Longtime orchestra conductor at the Sands Hotel in Las Vegas, Anthony "Tony" Morelli was born on July 22, 1904 in Rochester, New York, but grew up in Erie, Pennsylvania, as one of nine children. His father took him to Italy in 1914 to be educated. Returning to the United States in 1925, Morelli traveled the country as a pianist, promoted vaudeville acts, and wrote music and arrangements for theater productions, including several Radio City Music Hall productions. When he married Helen Collins in 1935, he was the orchestra leader for the newly opened RKO Palace Theater in Albany, New York.

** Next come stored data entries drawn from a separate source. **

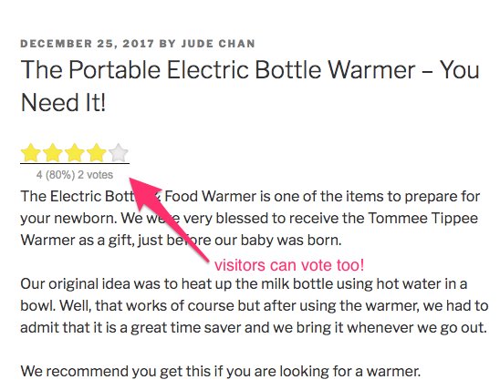 You can try installing kk Star Ratings. It is a very user-friendly plugin, is easy to customise and use. With the kk Star Ratings, your visitors can even vote on your posts/pages.
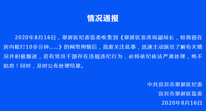之后,记者联系中共宜宾市纪委,一名工作人员表示“目前仍在调查中,需要时间,有进展会及时通报。”
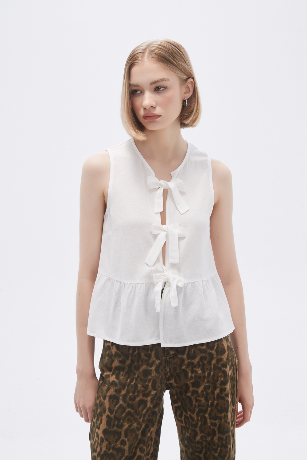 Blusa viscosa, con cordon y cuello a la base
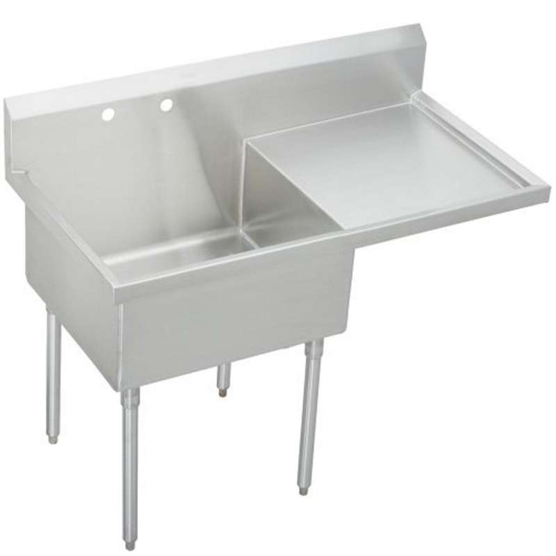 Weldbilt Stainless Steel 61-1/2" X 27-1/2" X 14" Floor Mount Single Compartment 2-Hole Scullery Sink W/Right Drainboard, WNSF8136R2
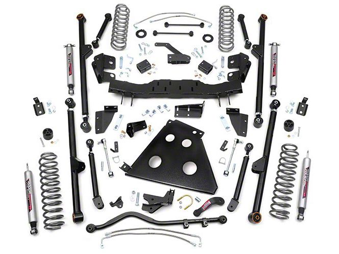 Lift Construction. It doesn't get much more complete than this kit. The only thing you would need is a replacement rear driveshaft to maintain the correct pinion angle. You wouldn't want that to slip out on the trail! The adjustable control arms are 2 inches in diameter with flex joints for excellent articulation. The dual Y-link setup gives your axles the room the move so you can navigate the trails with confidence. The skid plate is 1/4 inch thick steel to keep your rig's underside protected. Rough Country's 2.2 series performance shocks are designed with Wrangler owners in mind. Rough Country takes into account for drivers utilizing over sized tires and wheels, so they make their shocks that much tougher.
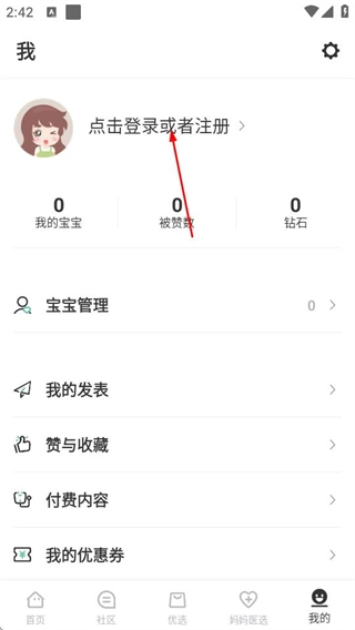 在孕育提醒的首页,点击底部导航栏中的“我的”选项,就能进入个人中心页面。
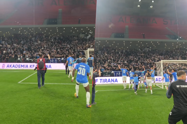 Në fund të sfidës, ashtu sicc ështe bërë e zakonshme, lojtarët e Tiranës kanë shkuar poshtë tribunës së ultrasve të tyre për të festuar.
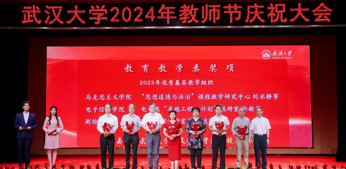 为庆祝第39个教师节,9月8日上午,武汉大学在图书馆报告厅隆重举行教师节庆祝大会,会议以“躬耕教坛,强国有我”为庆祝主题,表彰一批优秀教师,共同庆祝教师节。此次庆祝大会以线上线下相结合的方式进行,我院组织教职工观看了大会现场直播。会上,我院2个教学团队、1个科研团队和3位优秀教师分别受到表彰。其中,姚宜斌教授主持的“面向地理信息强国战略的测绘类专业新工科建设与实践”项目荣获2022年高等教育(本科)国家级教学成果奖二等奖;...
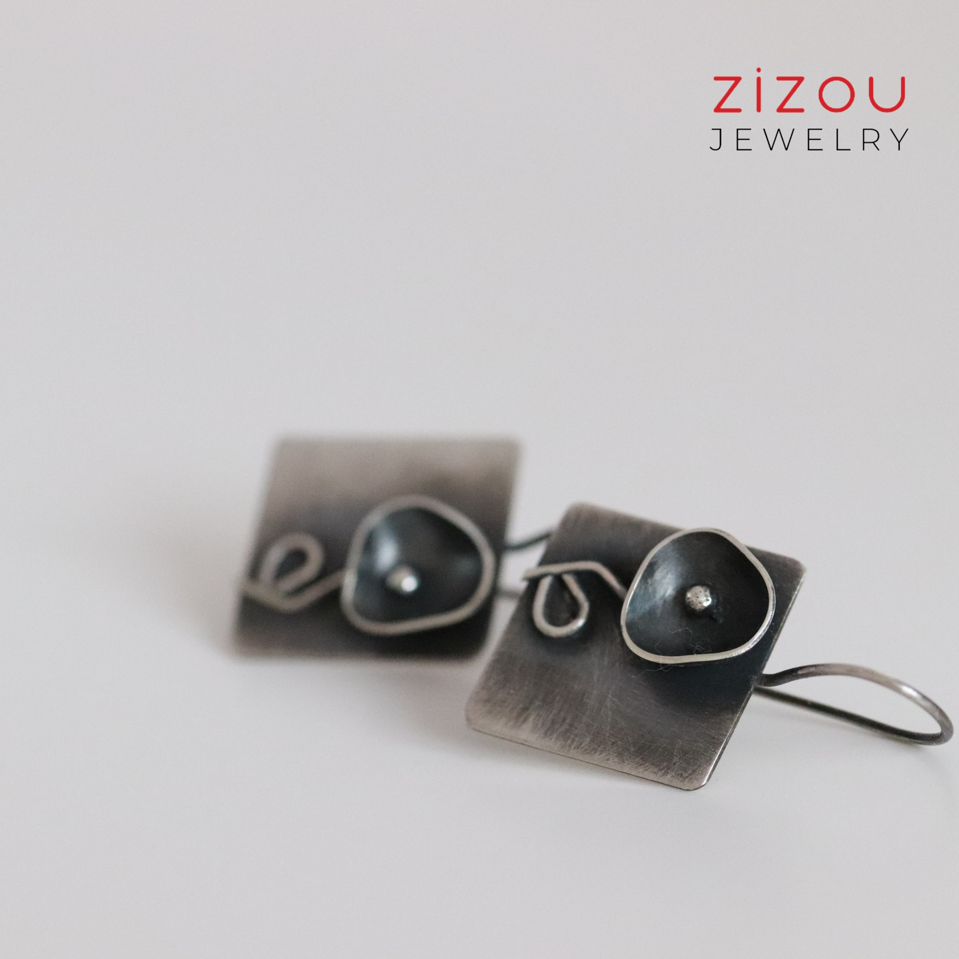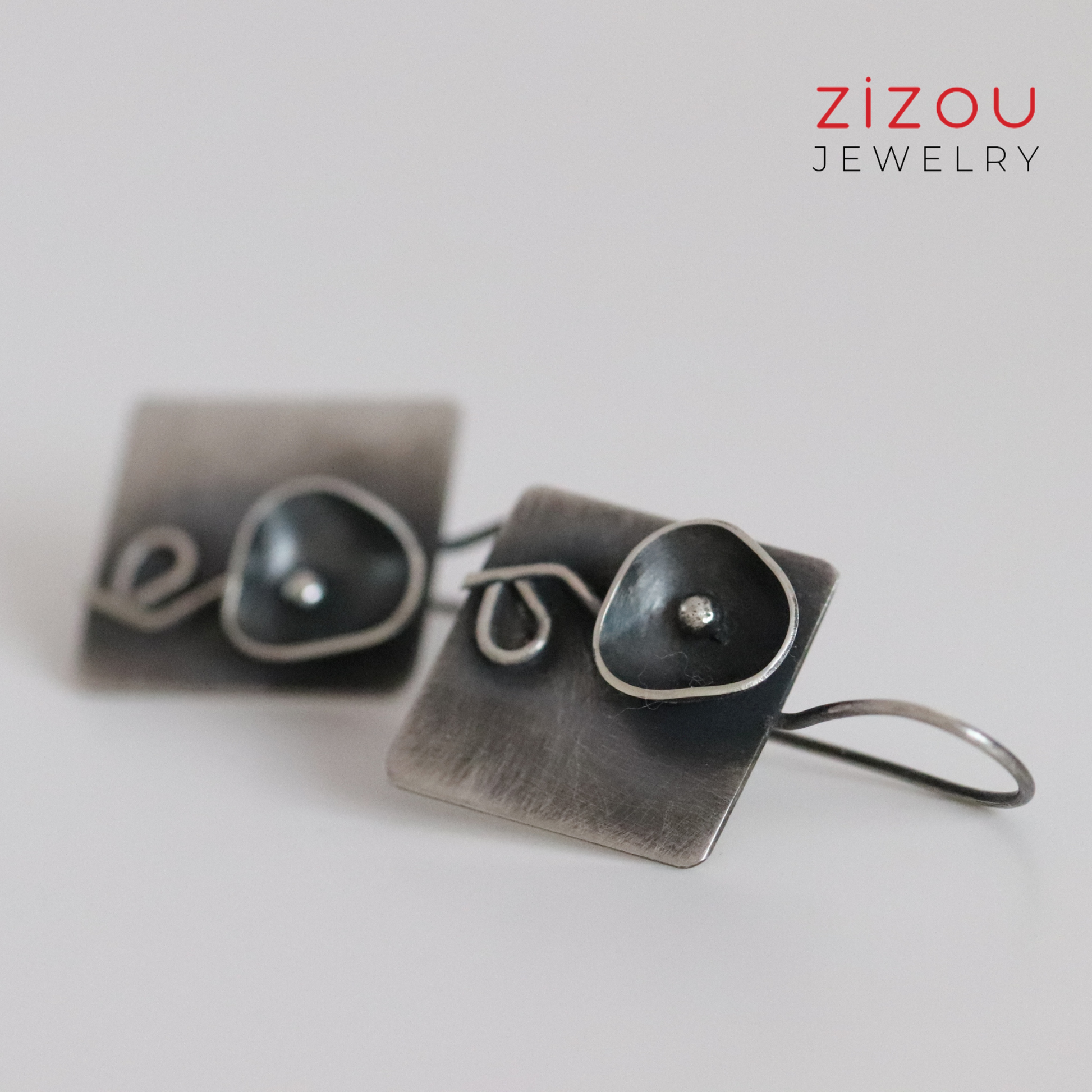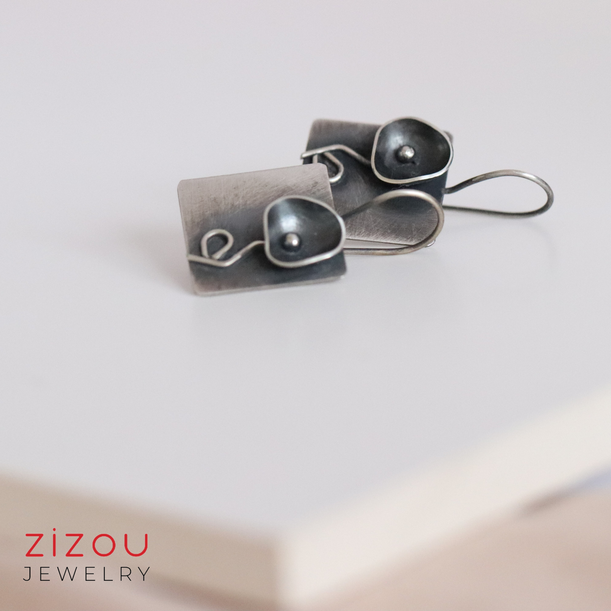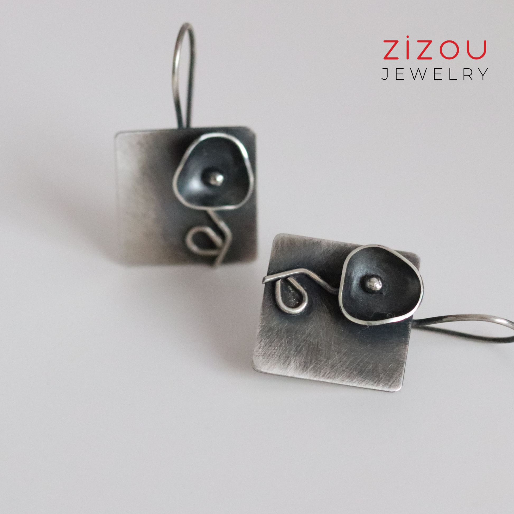 Crni cvijet naušnice izrađene su od srebra, patinirane, u dimenziji 18 x 18 mm. Nakit s nošenjem postaje svjetliji i sjajniji. Budući da je nakit ručno izrađen, nije identičan prikazanom na fotografiji, već vrlo sličan.

Morelli first visited Las Vegas, Nevada in 1953 with the Olsen and Johnson comedy team. Jack Entratter, the Sands Hotel president and impresario, offered Morelli a position as the hotel's new musical director and the following year Morelli stepped into a newly minted realm of entertainment where he became known as "Antonio" Morelli. Entratter, who had known Morelli from the Copacabana Club in New York City, believed that Morelli's reputation as a classically trained musician and his courtly demeanor would bring a polish that would attract a wealthy and well educated audience to see the performances.

Though never a major headliner in Las Vegas show business, Morelli exemplified the new culture of entertainers that helped turn Las Vegas into a popular entertainment venue. The billing on the Sands Hotel sign read "Antonio Morelli and his Orchestra." He worked with all the great entertainers of the day and also played a role in the Rat Pack appearances at the Sands in 1960. In films of the performances, Morelli can be glimpsed as the tall, smiling, mustachioed bandleader behind the Rat Pack's antics.

Antonio Morelli died on June 17, 1974 in Las Vegas, Nevada.